Records from a dataset:
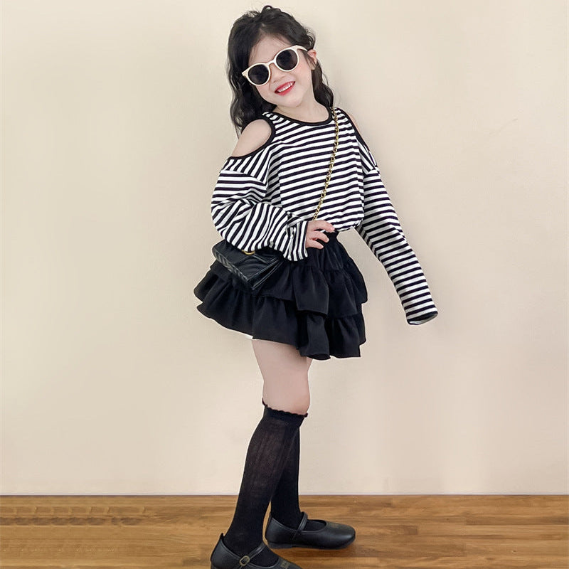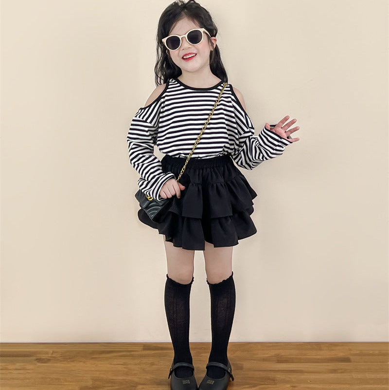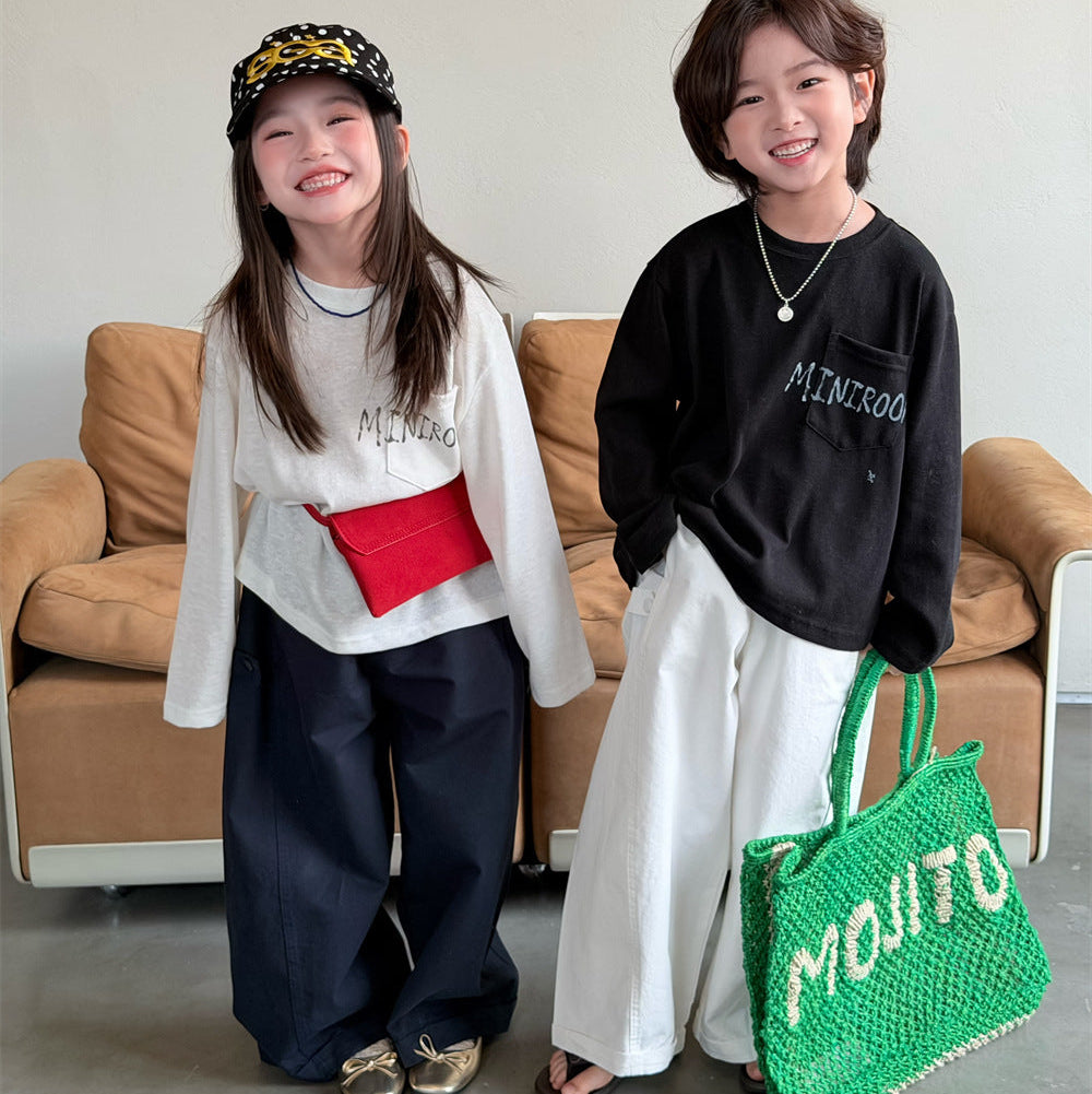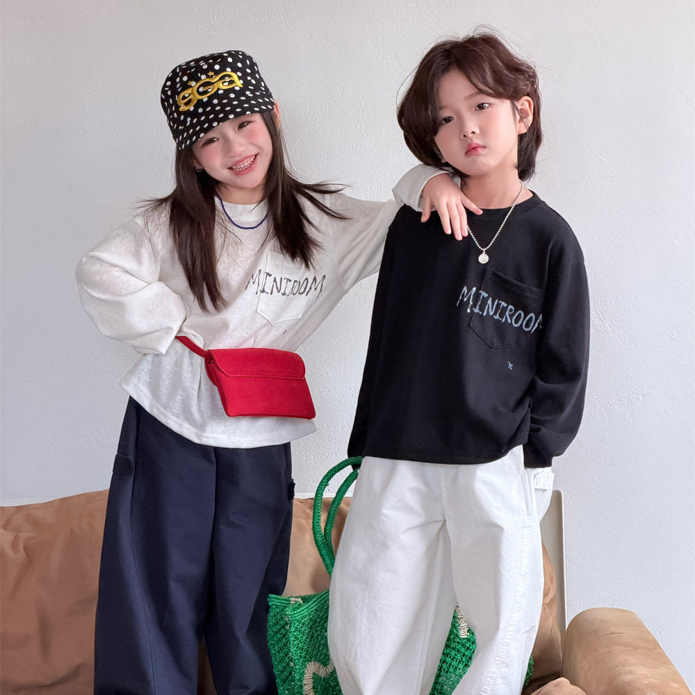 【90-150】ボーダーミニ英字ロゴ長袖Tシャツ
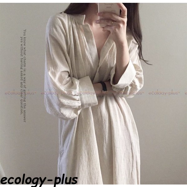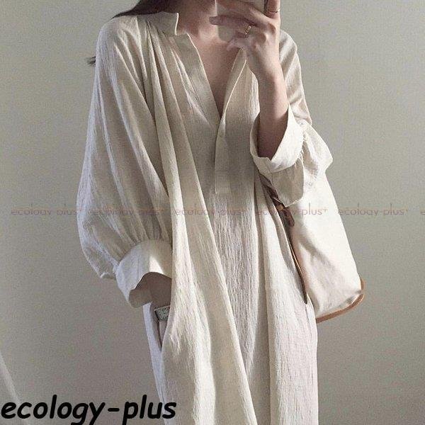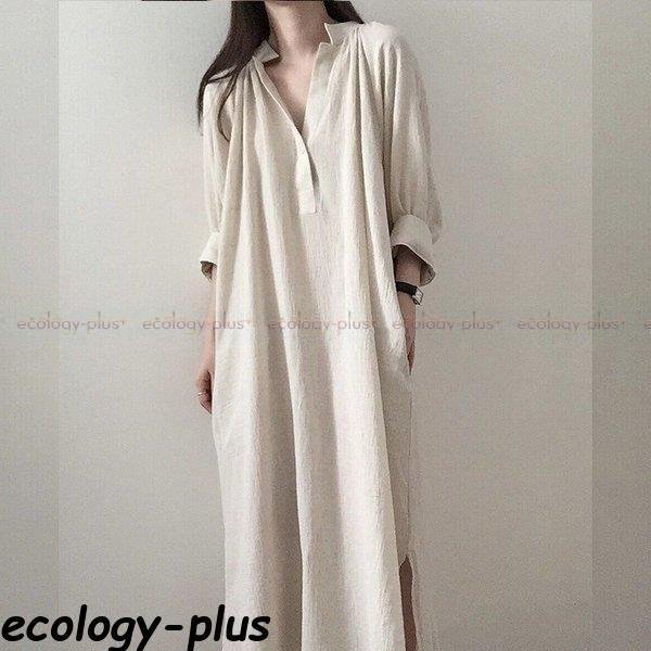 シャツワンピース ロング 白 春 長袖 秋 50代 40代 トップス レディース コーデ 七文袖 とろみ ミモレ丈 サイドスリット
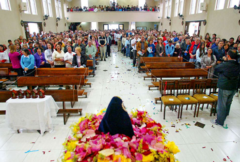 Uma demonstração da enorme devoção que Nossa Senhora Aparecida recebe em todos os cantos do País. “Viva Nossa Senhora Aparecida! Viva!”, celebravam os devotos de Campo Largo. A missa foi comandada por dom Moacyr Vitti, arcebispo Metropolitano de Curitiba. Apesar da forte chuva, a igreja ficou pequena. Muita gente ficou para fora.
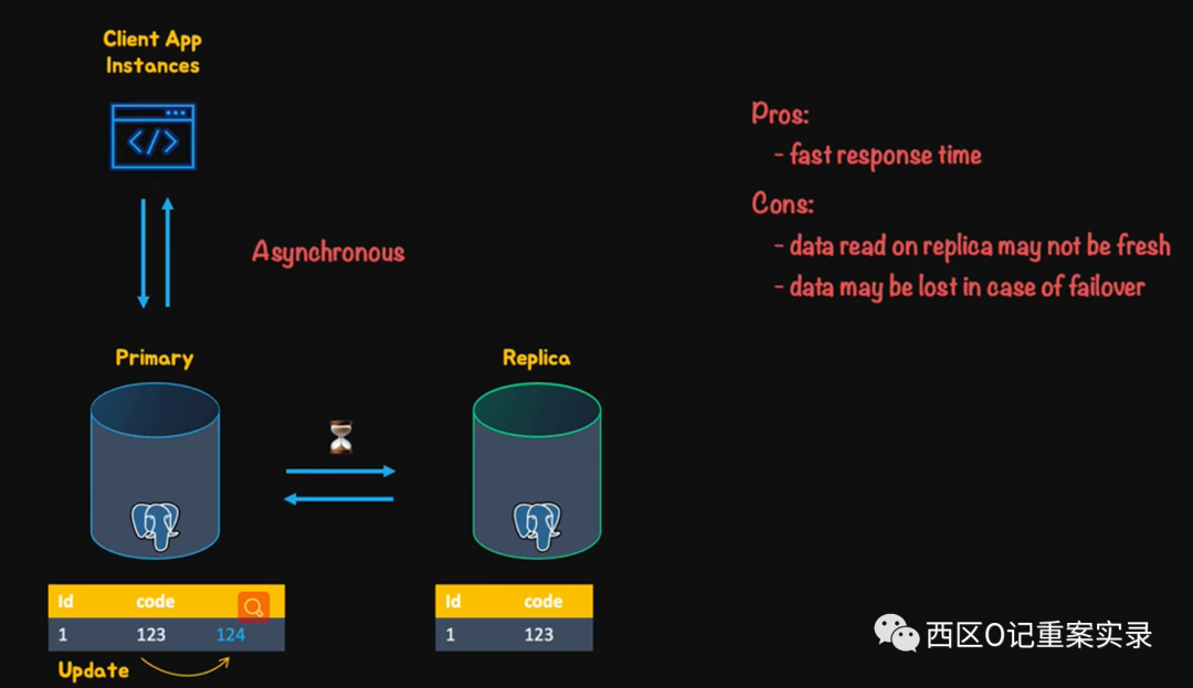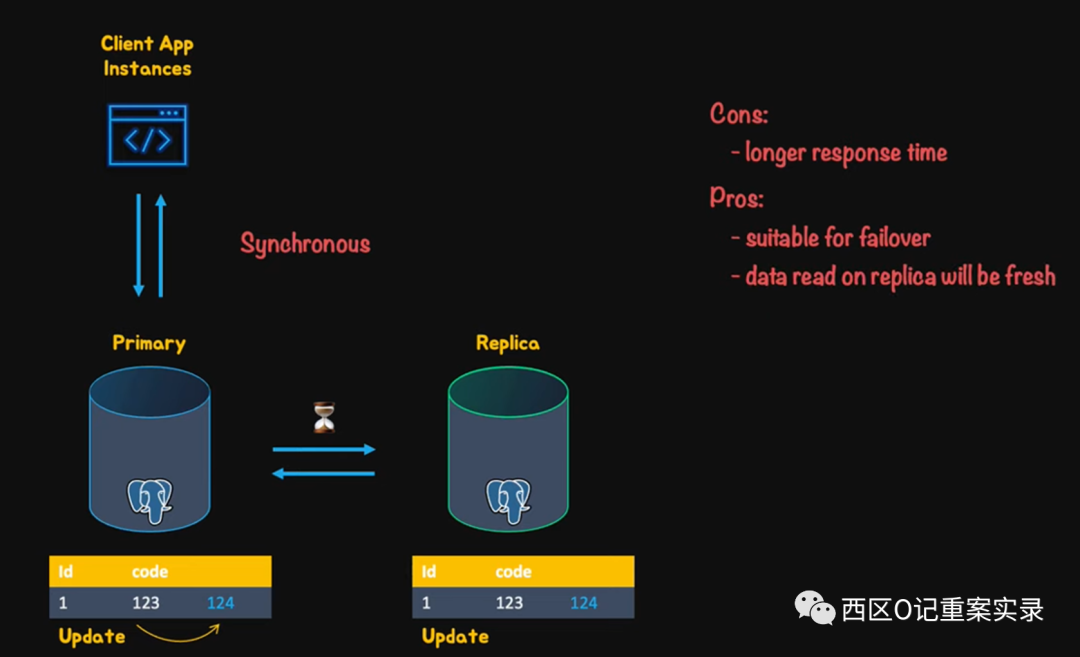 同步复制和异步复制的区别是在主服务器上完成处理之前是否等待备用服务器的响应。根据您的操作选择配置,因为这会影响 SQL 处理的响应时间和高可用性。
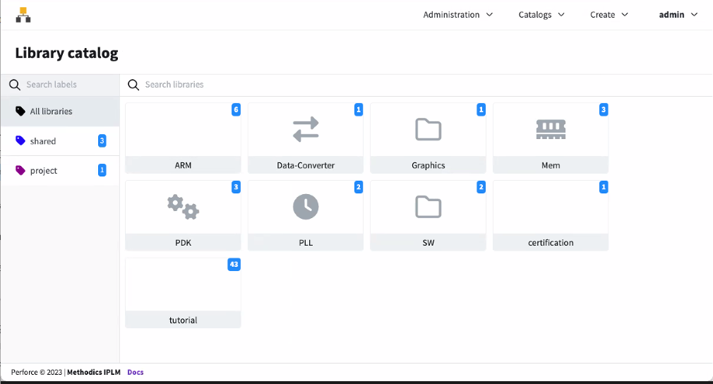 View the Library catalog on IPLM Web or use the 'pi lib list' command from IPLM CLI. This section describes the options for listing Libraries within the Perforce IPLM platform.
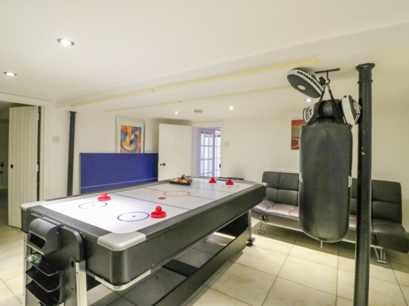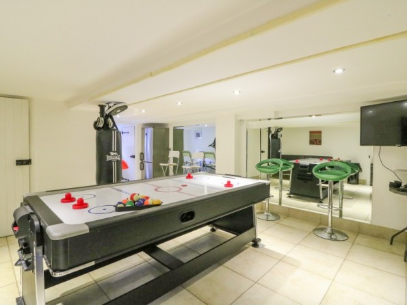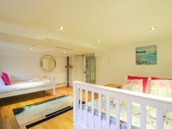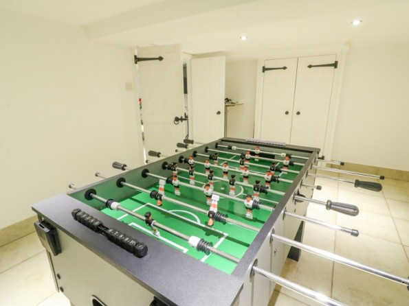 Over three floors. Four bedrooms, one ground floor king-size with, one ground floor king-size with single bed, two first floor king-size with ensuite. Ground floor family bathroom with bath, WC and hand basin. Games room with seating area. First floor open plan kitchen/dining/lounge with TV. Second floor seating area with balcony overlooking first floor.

### Try it
The entries above should be retyped word for word, with all pictures omitted.

### Reply to the task
 【90-150】ボーダーミニ英字ロゴ長袖Tシャツ
 シャツワンピース ロング 白 春 長袖 秋 50代 40代 トップス レディース コーデ 七文袖 とろみ ミモレ丈 サイドスリット
 Uma demonstração da enorme devoção que Nossa Senhora Aparecida recebe em todos os cantos do País. “Viva Nossa Senhora Aparecida! Viva!”, celebravam os devotos de Campo Largo. A missa foi comandada por dom Moacyr Vitti, arcebispo Metropolitano de Curitiba. Apesar da forte chuva, a igreja ficou pequena. Muita gente ficou para fora.
 同步复制和异步复制的区别是在主服务器上完成处理之前是否等待备用服务器的响应。根据您的操作选择配置,因为这会影响 SQL 处理的响应时间和高可用性。
 View the Library catalog on IPLM Web or use the 'pi lib list' command from IPLM CLI. This section describes the options for listing Libraries within the Perforce IPLM platform.
 Over three floors. Four bedrooms, one ground floor king-size with, one ground floor king-size with single bed, two first floor king-size with ensuite. Ground floor family bathroom with bath, WC and hand basin. Games room with seating area. First floor open plan kitchen/dining/lounge with TV. Second floor seating area with balcony overlooking first floor.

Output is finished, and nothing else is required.